AKP hükümeti referandum sürecinde işçi ve emekçilerin gözünü boyamak için çeşitli kampanyalar öne sürmüştü. “Milli İstihdam Seferberliği” adı altında şaşaalı reklamlarla işçi ve emekçilere “müjde” verildi. AKP’nin derdi referandum sürecinde işsizlik oranlarını “düşürerek” işçi ve emekçileri tek adam rejimine ikna etmekti. Bakanların çeşitli açıklamalarından da biliyorduk ki, işçi sınıfının uzun yıllardır mücadele ile elde ettiği kazanımlara saldırmak için referandum sürecinin “başarıyla” atlatılması bekleniyordu. Aynı şekilde pek çok fabrikanın işçi çıkarma hazırlığında olduğunu ama bu planları hayata geçirmek için referandumun geçmesini beklediğini biliyorduk.
Referandum geçti, patronların önünde hiçbir engel kalmadı! Örneğin çalıştığım işyerinde referandumun hemen ertesi gün 70 işçinin çıkarılacağı duyuruldu. Resmi rakamlarla bile işsizlik oranı %13’e yükselmişken, yeni işten atmalarla bu oran artmaya devam edecektir. Fabrikalarda işçi çıkarmalar karşısında vereceğimiz tepkiler, bu tepkileri büyütmek önemlidir. Ancak işçi ve emekçilere dönük topyekûn bir saldırı söz konusudur ve bu saldırılara ancak topyekûn bir mücadele ile karşı koyabiliriz.
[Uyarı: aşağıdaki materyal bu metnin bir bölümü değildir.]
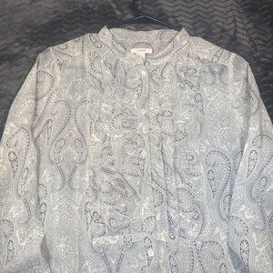 J.Crew Womens Paisley Print 100% Silk Button-Up Blouse With Ruffle Detail Size 2
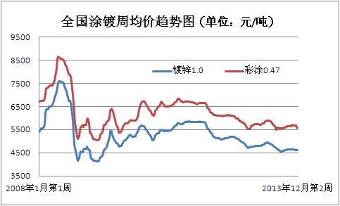 11月国内涂镀市场延续10月份盘整走势,价格上涨缺乏动力,而大幅下调报价促成交的意愿又小。镀锌方面,彩基板价格呈弱势盘整态势,降幅仅10-20元/吨,因下游需求力度萎缩,市场竞争压力偏大,目前同规格产品厂家之间价差愈来愈小。厚规格镀锌报价虽稳,但成交仍异常清淡。上海市场本钢、马钢等资源紧缺,商家出货无让利空间。彩涂方面,受天气影响,彩涂市场呈南强北弱之态势,北方低价彩涂资源不断涌现,且成交十分困难。华东、华南报价尚稳,多数厂家表示,需求淡季下下调报价也难改成交清淡的局面,因此力挺报价,另据了解目前外贸订单略好于内销。
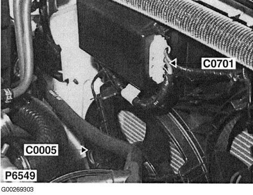 | Cooling Fan Control Unit Connector (C0701) | At left side of engine compartment. See Figure . |
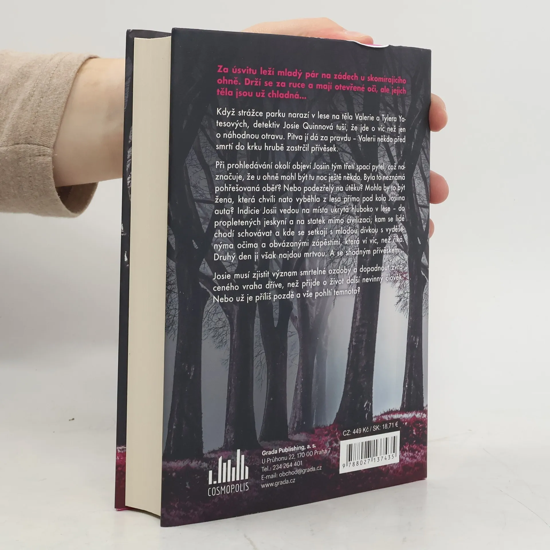 Za úsvitu leží mladý pár na zádech u skomírajícího ohně. Drží se za ruce a mají otevřené oči, ale jejich těla jsou už chladná...Když strážce parku narazí v lese na těla Valerie a Tylera Yatesových, detektiv Josie Quinnová tuší, že jde o víc než jen o náhodnou otravu. Pitva jí dá za pravdu – Valerii někdo před smrtí do krku hrubě zastrčil přívěsek.Při prohledávání okolí objeví Josiin tým třetí spací pytel, což naznačuje, že u ohně mohl být tu noc ještě někdo. Byla to neznámá pohřešovaná oběť? Nebo podezřelý na útěku? Mohla by to být žena, která chvíli nato vyběhla z lesa přímo pod kola Josiina auta? Indicie Josii vedou na místa ukrytá hluboko v lese – do propletených jeskyní a na statek mimo civilizaci, kam se lidé chodí schovávat a kde se setkají s mladou dívkou s vyděšenýma očima a obvázanými zápěstími, která ví víc, než říká. Druhý den ji však najdou mrtvou. A se shodným přívěskemJosie musí zjistit význam smrtelné ozdoby a dopadnout zvráceného vraha dříve, než přijde o život další nevinný člověk. Nebo už je příliš pozdě a vše pohltí temnota?
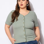 Green Rib Front Button Lace Detail Top , in Rib fabric, Unlined, Regular Length , Comfort Fit , Button Closure, Straight Hemline and features Metal Button Detail At Front
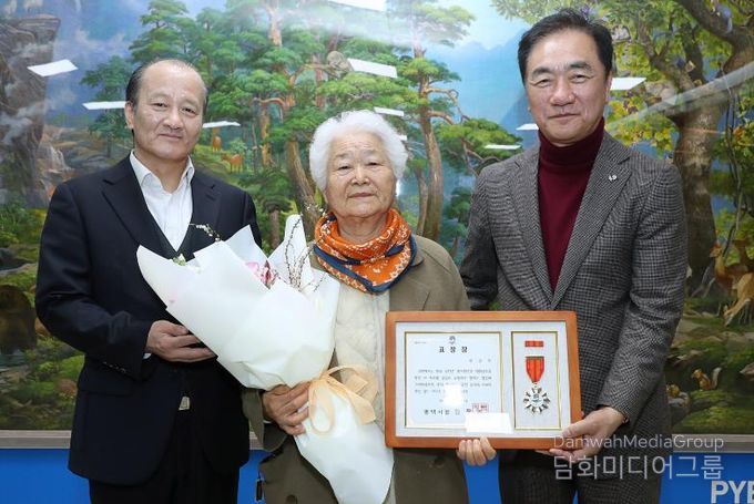 지난 5일 오전 평택시청 대외협력실에서 열린 수여식에는 정장선 평택시장을 비롯해 교육국장, 국제대학교 총장 등 관계자들이 참석해 이군자 어르신의 공로를 축하하고 환담을 나눴다.
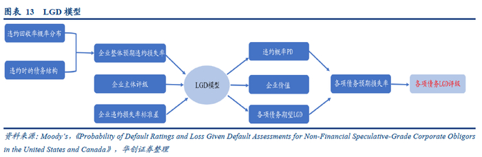 2、针对B1及以上的企业,穆迪以LGD模型为核心进行测算:
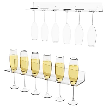 Show moreThe Champagne Wall Holder is more than just a functional piece—it's a stunning addition to your home décor that will impress every guest. Constructed from premium quality acrylic, this wall-mounted wine glass holder is designed to beautifully display your cherished stemware while keeping it within easy reach. Imagine the elegance of showcasing your favorite wine glasses or champagne flutes, elegantly protected from dust and scratches. Perfect for transforming any kitchen wall, home bar, or gathering space, this drink glass holder creates an inviting atmosphere for both family and friends.
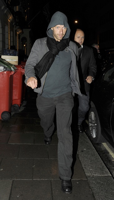 Anyway, Gwyneth’s husband Chris Martin, lead singer of Coldplay, of course, was also present though you wouldn’t know it from the photos taken inside the event. He declined. And then, when it was time to go, he left after she did, all hooded and grumpy, running from the paps only to meet up with his wife down the block around the corner, hopping in the car quickly so that they could avoid being shot together...
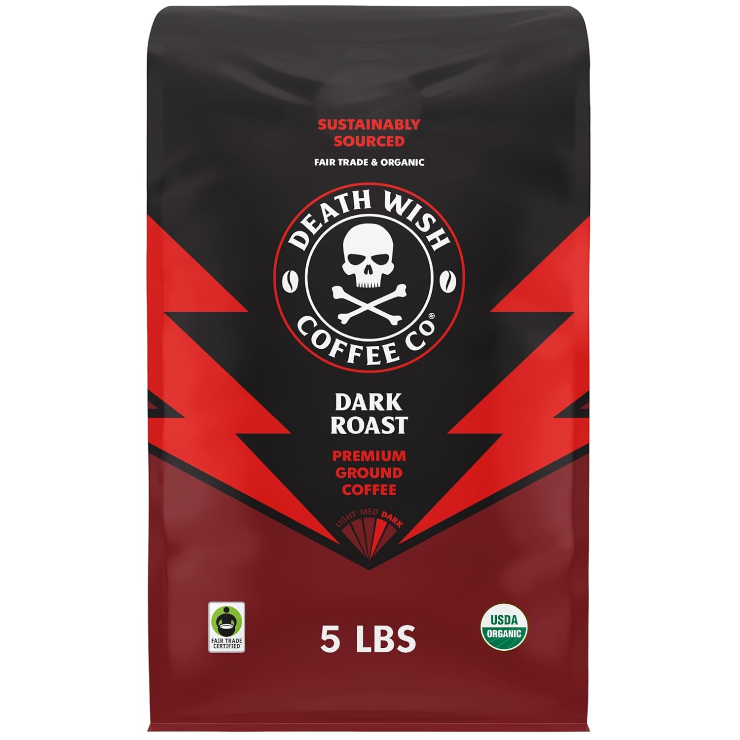 Death Wish Coffee Dark Roast Grounds - Bold Intense Blend of Arabica & Robusta Beans - USDA Organic Ground Coffee - 80 oz.
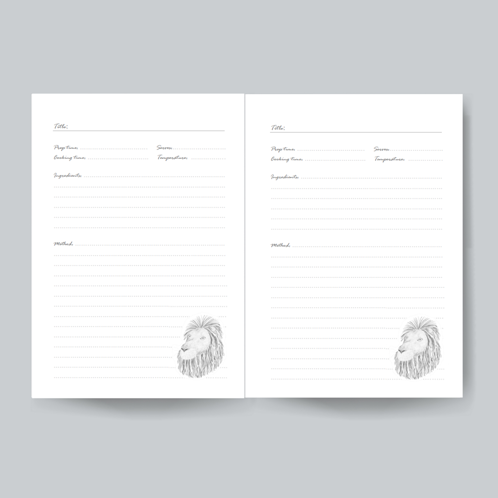 Each page has space for prep time, cooking time, serving information, cooking temperature, ingredients and method.
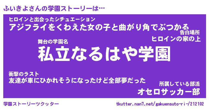 | 告白場所 先生の家の上 …「ふぃぎゅこ」 | 2月17日 06:24 |
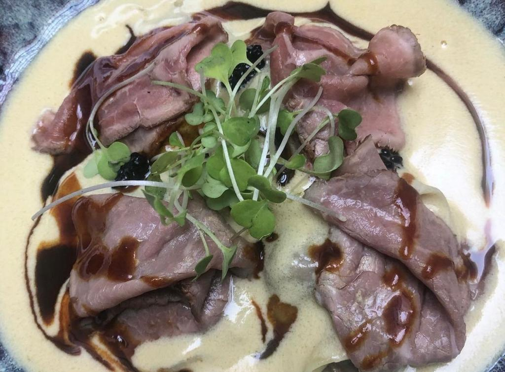 Tercera 📸-. Raviolis de rabo de toro con salsa de foie, lascas de roast beef, brotes de rúcula y huevas de lumpu.
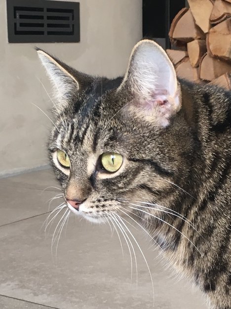 Liten sterilisert hunnkatt - grå/brun stripete med mørke labber - kun en liten hvit flekk på brystet.
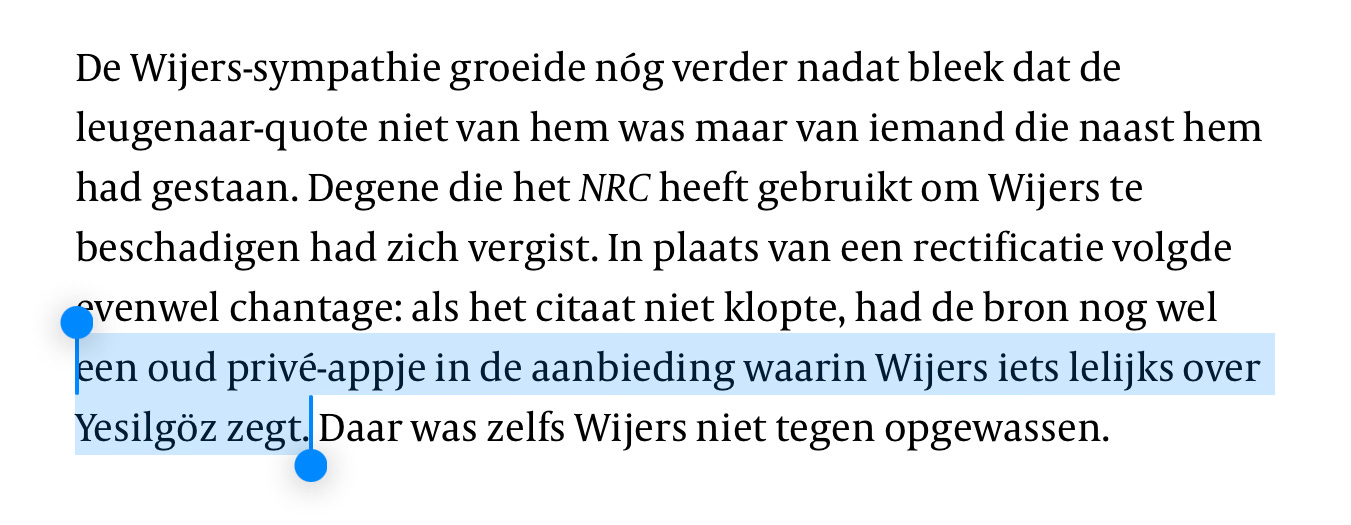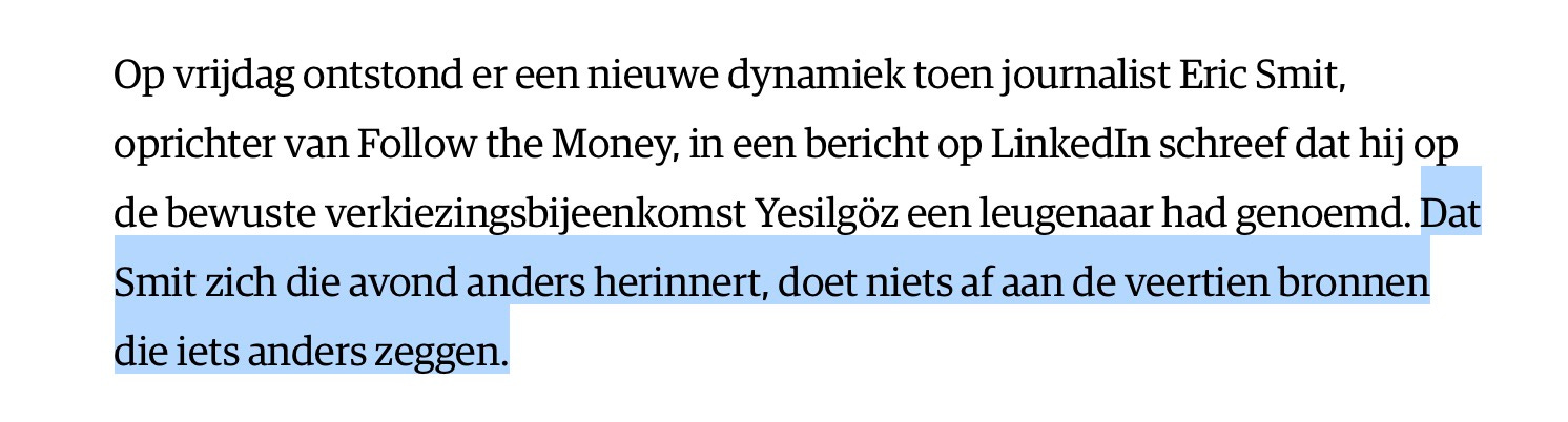 “‘Dat Smit zich die avond anders herinnert, doet niets af aan de veertien bronnen die iets anders zeggen’, schrijft Patricia Veldhuis. Maar wat zeggen die bronnen nu precies? Daarover is het artikel niet duidelijk en ook Veldhuis niet. Hebben ze allemaal gezegd dat Wijers Yesilgöz voor ‘leugenaar’ heeft uitgemaakt? Nee, anders schrijf je dat op. Inmiddels staat het ook vast dat NRC geen ondersteunend filmpje kan produceren. Veldhuis schrijft er niets over.
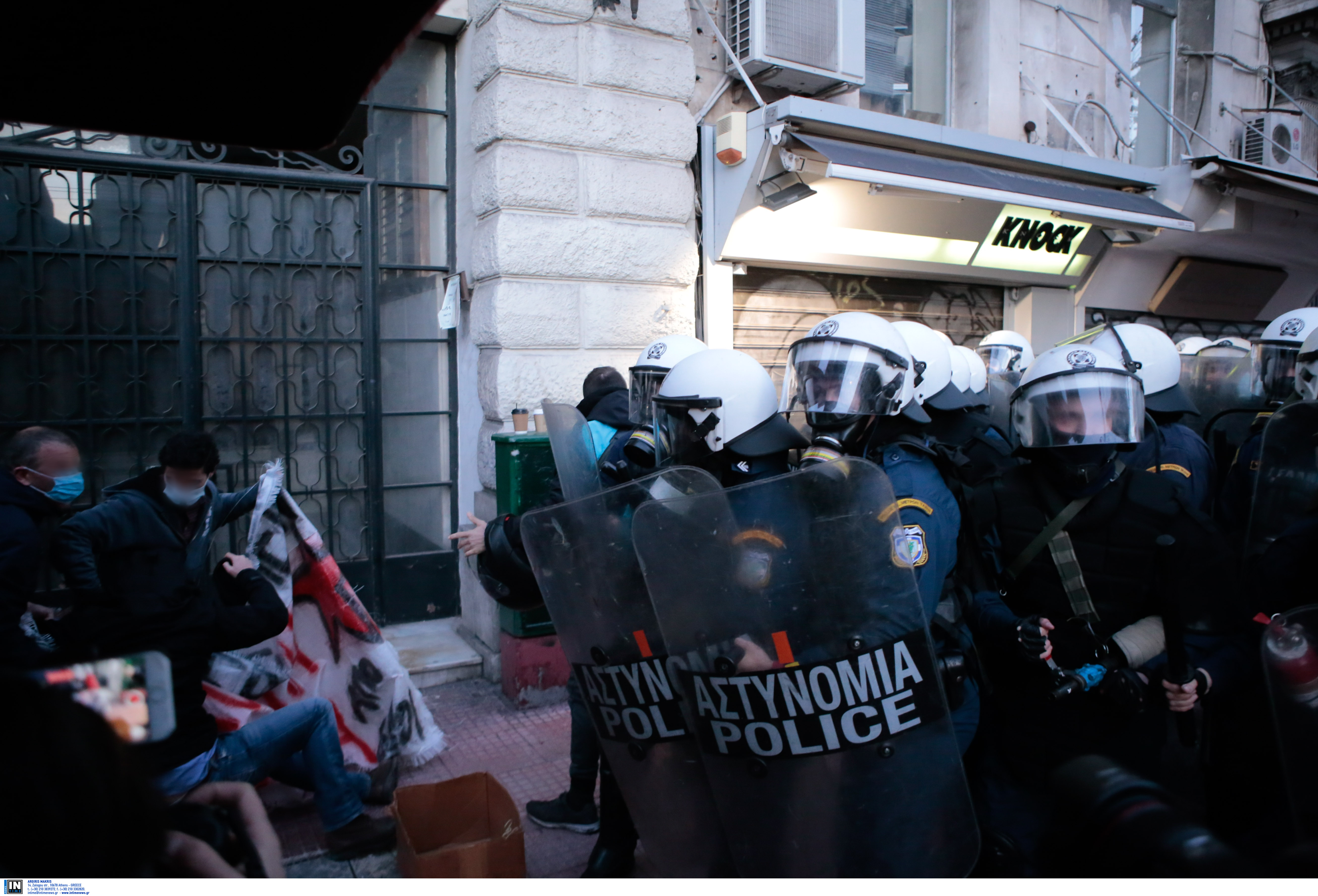 Ενταση με χημικά και προσαγωγές σημειώνεται αυτή την ώρα στην Πανεπιστημίου μεταξύ Αστυνομίας και συγκεντρωμένων αλληλέγγυων του Δημήτρη Κουφοντίνα.
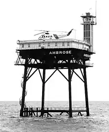 Le phare d'Ambrose, ou tour d'Ambrose, marque le point de convergence de plusieurs routes maritimes à la sortie de la baie de New York :
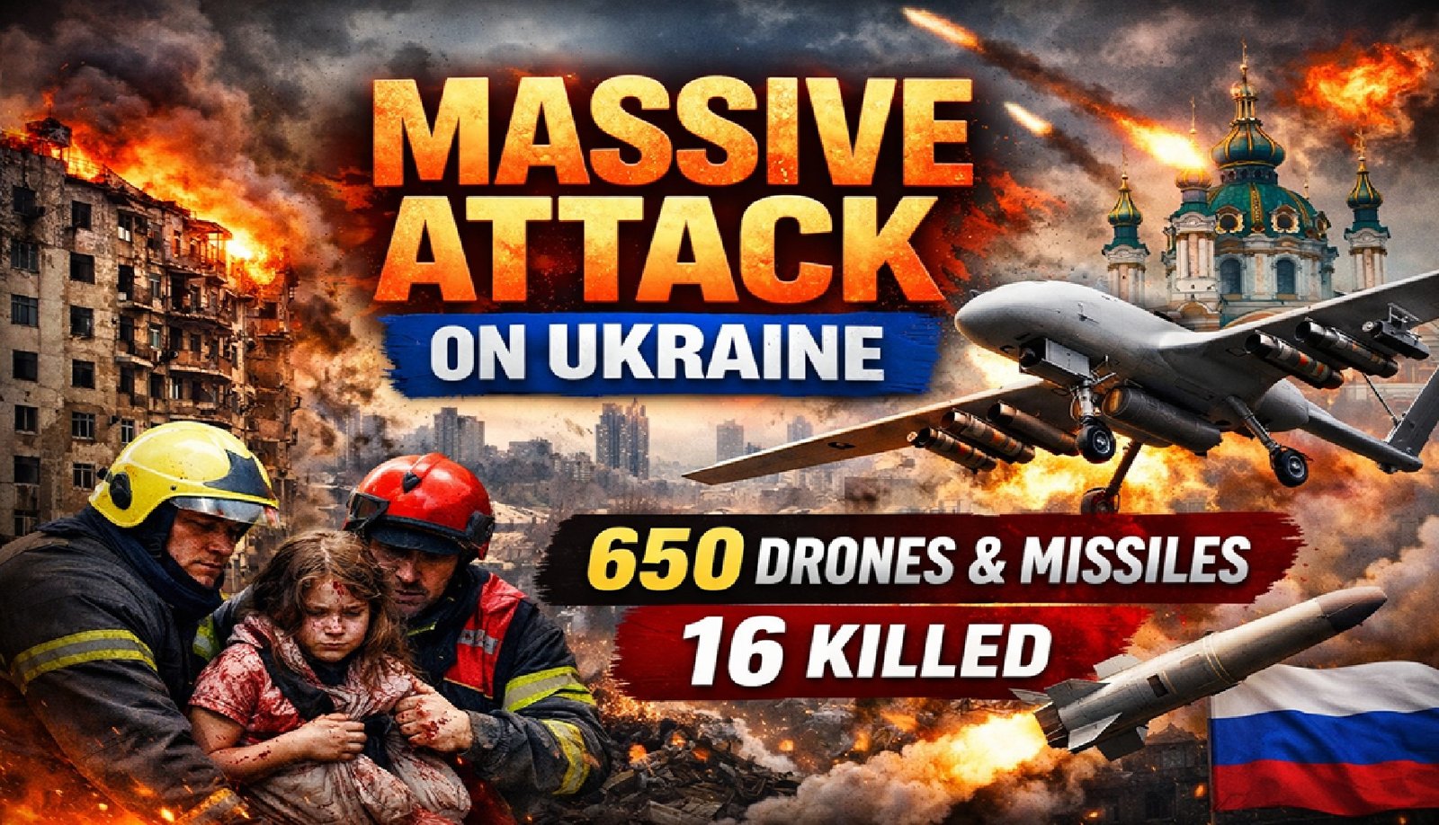 Russia Unleashes Deadliest Strike of 2026 on Ukraine: 650 Drones and Missiles Hit Kyiv, 16 Killed Russia Unleashes Deadliest Strike…

İşte yaklaşmakta olan 1 Mayıs, işçi sınıfının tüm bu saldırılara karşı tepkisini alanlara çıkarak ortaya koyacağı bir mücadele günüdür. Geçmişten günümüze işçi sınıfı ağır bedeller ödeyerek 1 Mayıs geleneğine sahip çıkmıştır, çıkacaktır. Kapitalist sömürüye, emperyalist savaşlara, faşist tırmanışa, işsizliğe, kıdem tazminatının gaspına, iş cinayetlerine, dur demek ve mücadeleyi büyütmek için 1 Mayıs’a sahip çıkalım.
İşten atmalara HAYIR!
Yaşasın 1 Mayıs! Yaşasın Örgütlü Mücadelemiz!